▸ **BRIEF**
Copy each line of the listing below exactly and drop the images.

▸ **SOURCE DATA**
▬▬▬▬▬▬▬▬▬▬
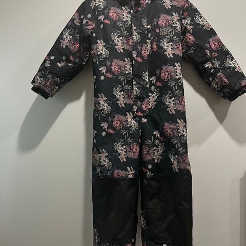 Lasten toppahaalari koossa 122. Merkki Mywear. Haalari on edelleen lämmin ja sisukset ovat kohtalaisen muhkeat. Pesty siis vain paristi. Vikoina haalarissa on hupun fleecevuorin nyppyisyys ja muutamat pienet viiltoreiät jotka ovat tulleet pikkukivistä. Polvissa kulumaa. Yhden reiän koitin kuvata, avain antamassa viitettä koosta. 7e.
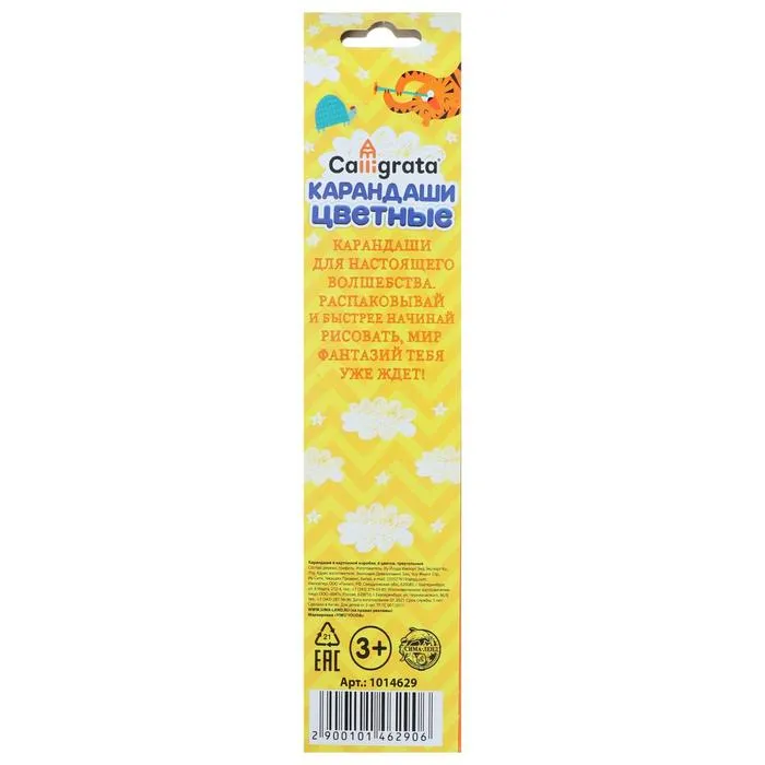 Не токсичны и абсолютно безопасны.Набор состоит из 6 цветов.Яркие цвета развивают цветовосприятие ребенка.Они изготовлены из древесины ценных пород и имеют лакированный корпус.Мягкий грифель обладает повышенной прочностью, не ломается и не крошится при заточке.Все карандаши заточены и поставляются в цветной картонной коробке.Цветные карандаши позволят юным художникам выразить свои мысли и эмоции в красивых рисунках.
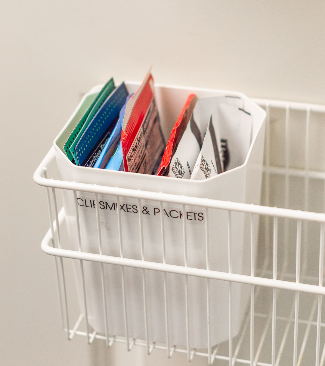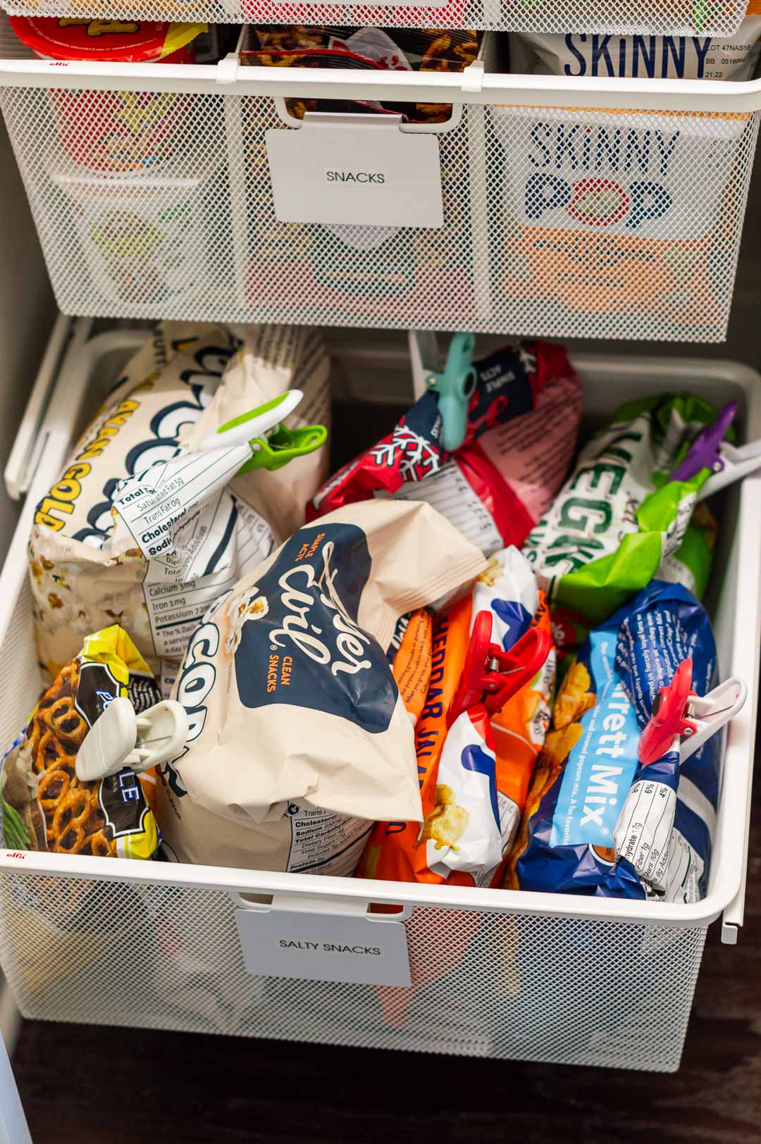 The deeper drawers in the bottom are used for bulk snacks. They even hold Costco-sized bags. While we keep back-stock of individual snacks that I restock weekly on a rack in the basement, my rule is to not outgrow the container I’ve allotted for a given category. We have plenty of big bags of snacks and until these thin out, I know I won’t be grabbing any more at the store.
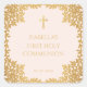 Este elegante diseño religioso en rosa y dorado con aire vintage, recomendado para la primera comunión de una niña, tiene un marco de lámina de oro falso ornamentado con ramas intrincadas con hojas sobre un fondo rosa pálido. Sobre el texto hay una cruz religiosa, también en lámina de oro falso. El texto es dorado.
▬▬▬▬▬▬▬▬▬▬
▸ **OUTPUT FOR THIS TASK**
 Lasten toppahaalari koossa 122. Merkki Mywear. Haalari on edelleen lämmin ja sisukset ovat kohtalaisen muhkeat. Pesty siis vain paristi. Vikoina haalarissa on hupun fleecevuorin nyppyisyys ja muutamat pienet viiltoreiät jotka ovat tulleet pikkukivistä. Polvissa kulumaa. Yhden reiän koitin kuvata, avain antamassa viitettä koosta. 7e.
 Не токсичны и абсолютно безопасны.Набор состоит из 6 цветов.Яркие цвета развивают цветовосприятие ребенка.Они изготовлены из древесины ценных пород и имеют лакированный корпус.Мягкий грифель обладает повышенной прочностью, не ломается и не крошится при заточке.Все карандаши заточены и поставляются в цветной картонной коробке.Цветные карандаши позволят юным художникам выразить свои мысли и эмоции в красивых рисунках.
 The deeper drawers in the bottom are used for bulk snacks. They even hold Costco-sized bags. While we keep back-stock of individual snacks that I restock weekly on a rack in the basement, my rule is to not outgrow the container I’ve allotted for a given category. We have plenty of big bags of snacks and until these thin out, I know I won’t be grabbing any more at the store.
 Este elegante diseño religioso en rosa y dorado con aire vintage, recomendado para la primera comunión de una niña, tiene un marco de lámina de oro falso ornamentado con ramas intrincadas con hojas sobre un fondo rosa pálido. Sobre el texto hay una cruz religiosa, también en lámina de oro falso. El texto es dorado.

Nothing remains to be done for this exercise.